## Work item
Reproduce every record verbatim but drop the pictures.
━━━ Source data
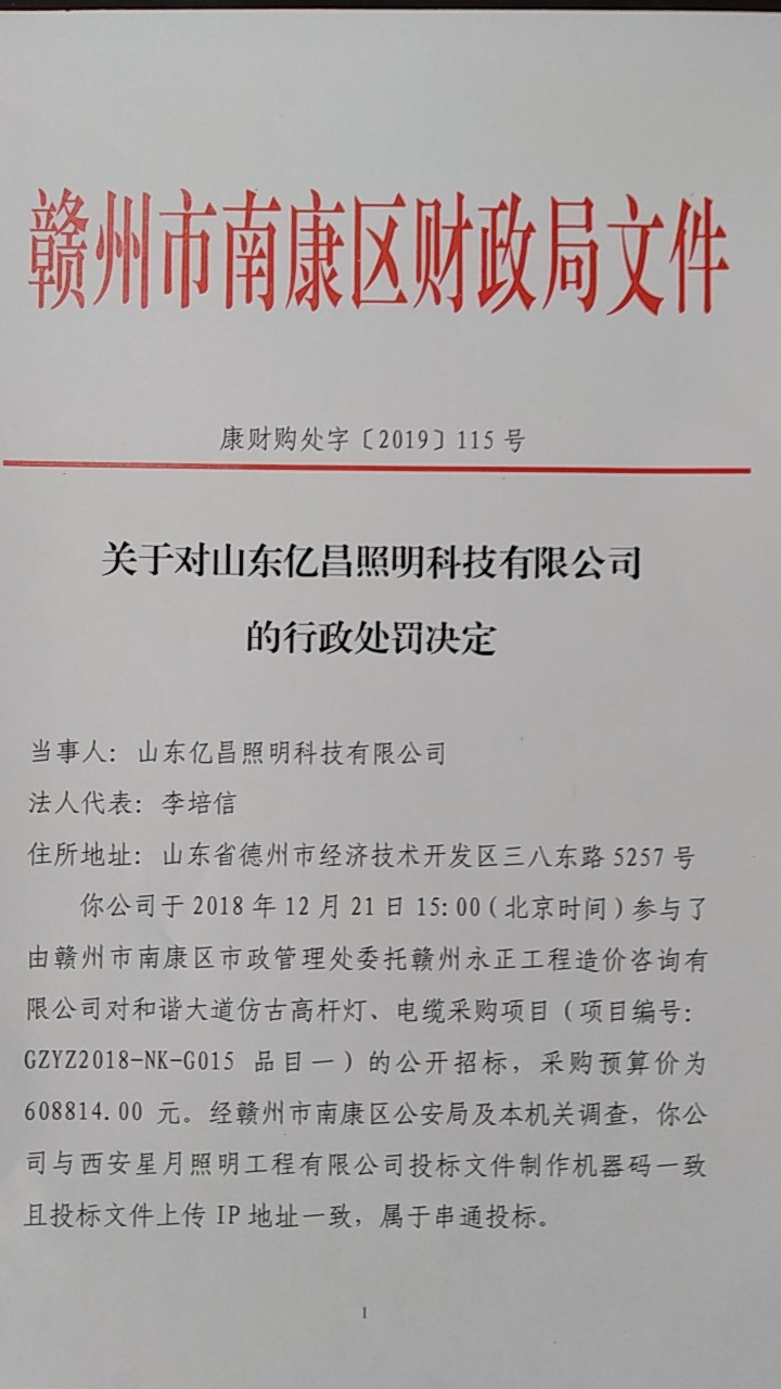 你公司于2018年12月21日15:00(北京时间)参与了由赣州市南康区市政管理处委托赣州永正工程造价咨询有限公司对和谐大道仿古高杆灯、电缆采购项目(项目编号:GZYZ2018-NK-G015品目一)的公开招标,采购预算价为608814.00元。经赣州市南康区公安局及本机关调查,你公司与西安星月照明工程有限公司投标文件制作机器码一致且投标文件上传IP地址一致,属于串通投标。
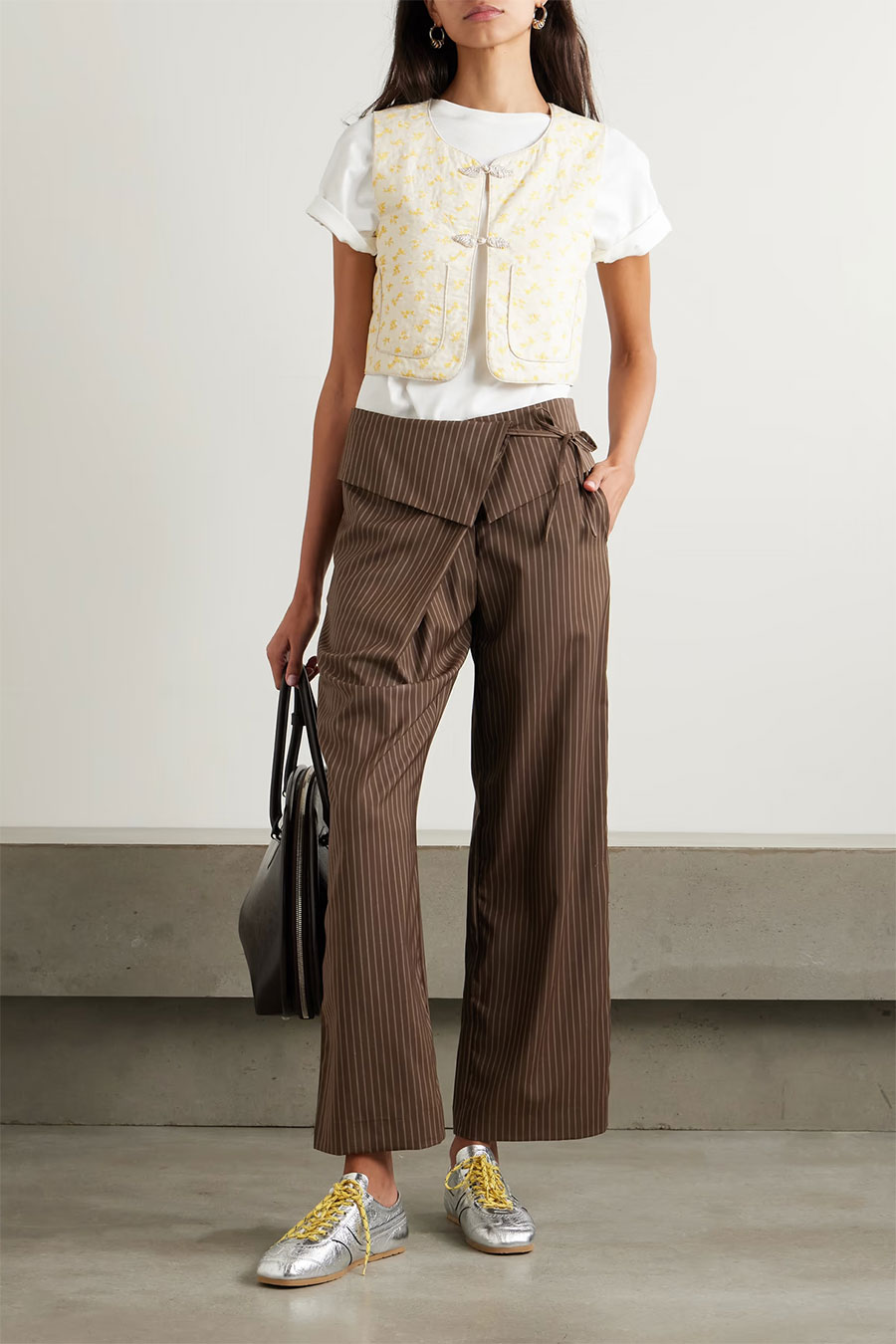 Last, an outfit that incorporates a range of vibes. A casual white tee is paired with a dressy and avant-guard pair of pinstriped brown wide crops. A quilted and embroidered waistcoat with a bo-ho light vibe is worn as a third piece. Sporty silver sneakers add a casual touch. A bowling bag throws in some modern retro. Add jewellery and watch as desired.
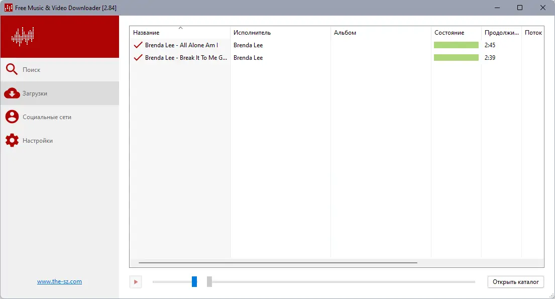 Работа с Lacey Free Music & Video Downloader
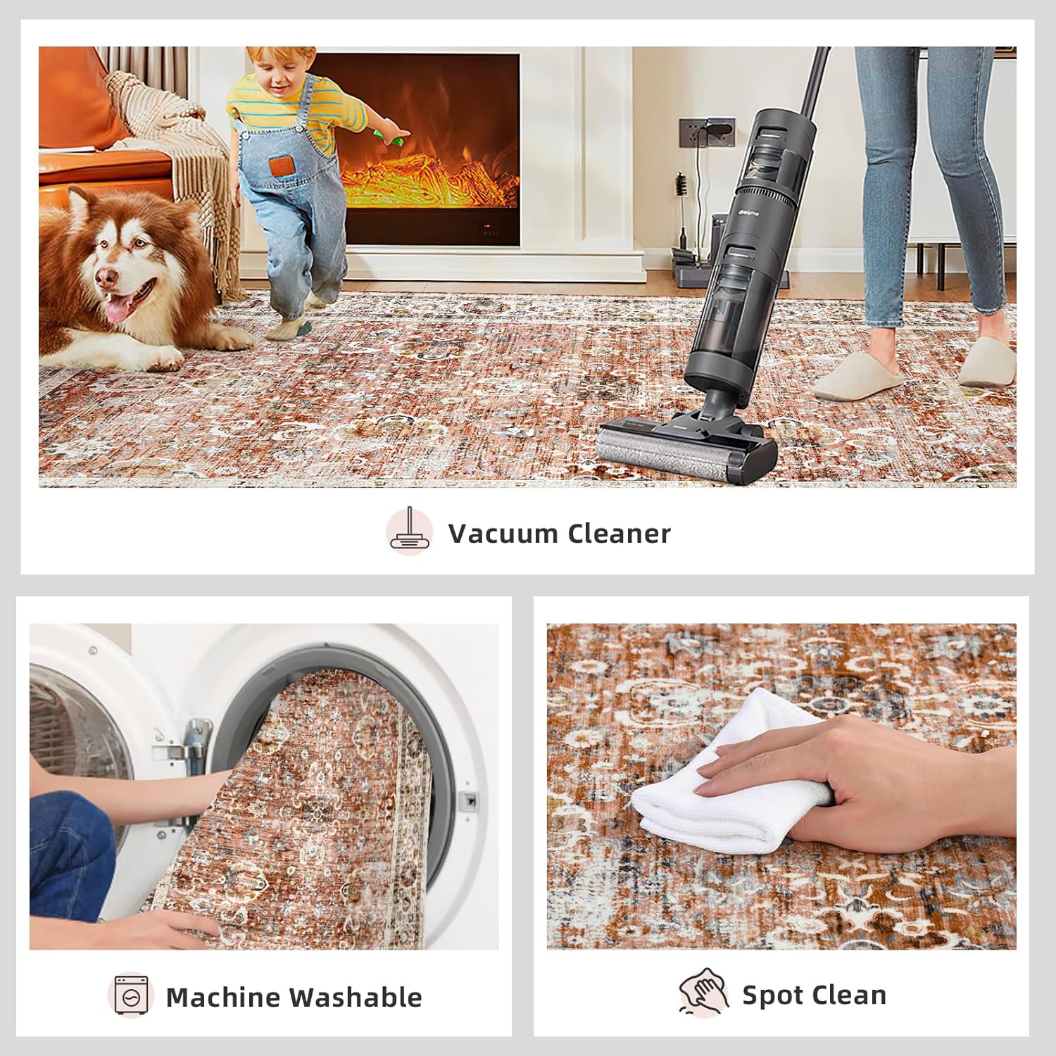 - [Non-Slip Backing]: The large area rug is made of snowflake-shaped TPE non-slip rubber backing takes more safety. The non slip rug is deal for everyday indoor locations where kids or pets are active.
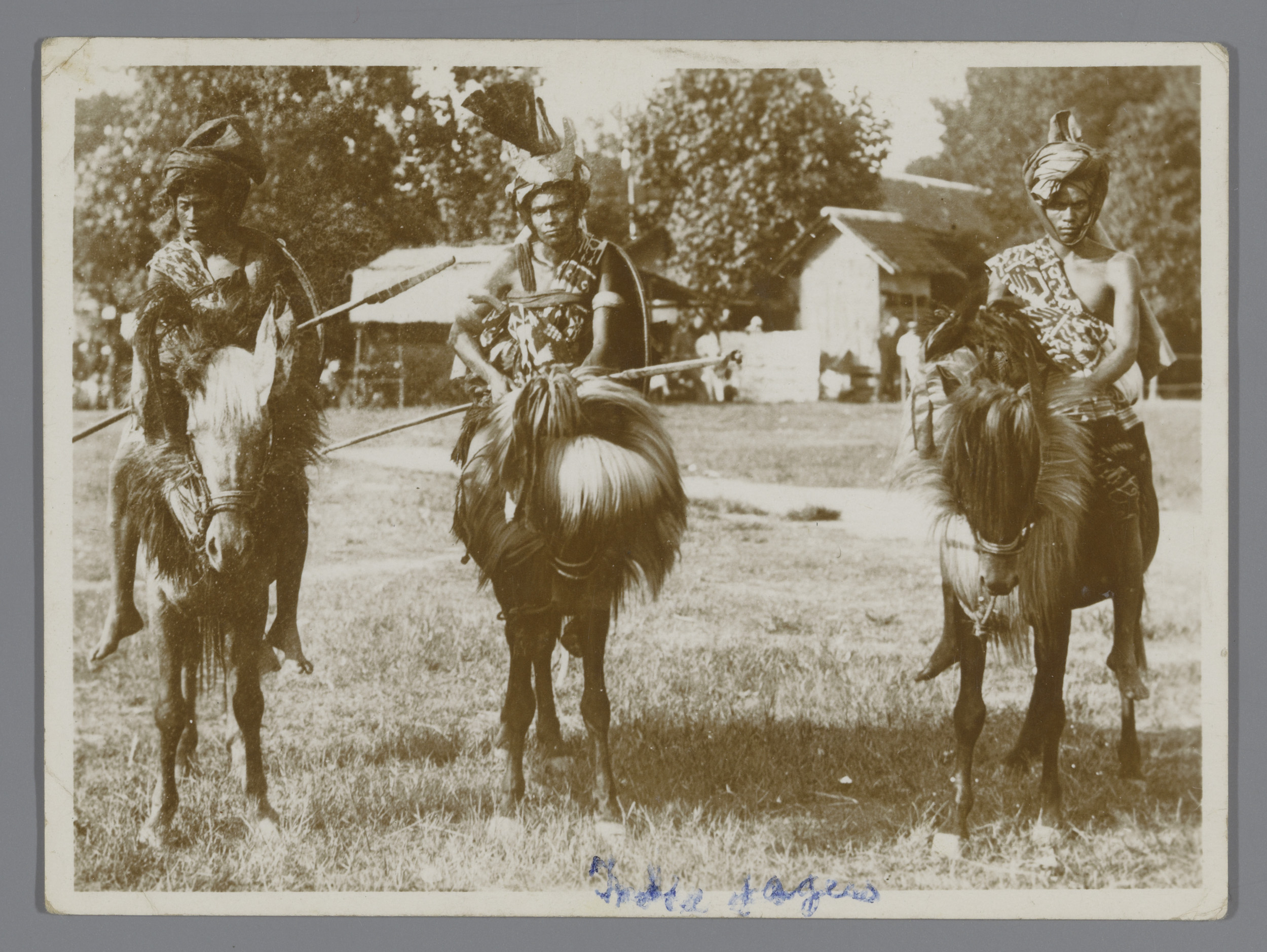Drie krijgers met speren op paarden (vermoedelijk) t...
━━━━━━
## Response
 你公司于2018年12月21日15:00(北京时间)参与了由赣州市南康区市政管理处委托赣州永正工程造价咨询有限公司对和谐大道仿古高杆灯、电缆采购项目(项目编号:GZYZ2018-NK-G015品目一)的公开招标,采购预算价为608814.00元。经赣州市南康区公安局及本机关调查,你公司与西安星月照明工程有限公司投标文件制作机器码一致且投标文件上传IP地址一致,属于串通投标。
 Last, an outfit that incorporates a range of vibes. A casual white tee is paired with a dressy and avant-guard pair of pinstriped brown wide crops. A quilted and embroidered waistcoat with a bo-ho light vibe is worn as a third piece. Sporty silver sneakers add a casual touch. A bowling bag throws in some modern retro. Add jewellery and watch as desired.
 Работа с Lacey Free Music & Video Downloader
 - [Non-Slip Backing]: The large area rug is made of snowflake-shaped TPE non-slip rubber backing takes more safety. The non slip rug is deal for everyday indoor locations where kids or pets are active.
Drie krijgers met speren op paarden (vermoedelijk) t...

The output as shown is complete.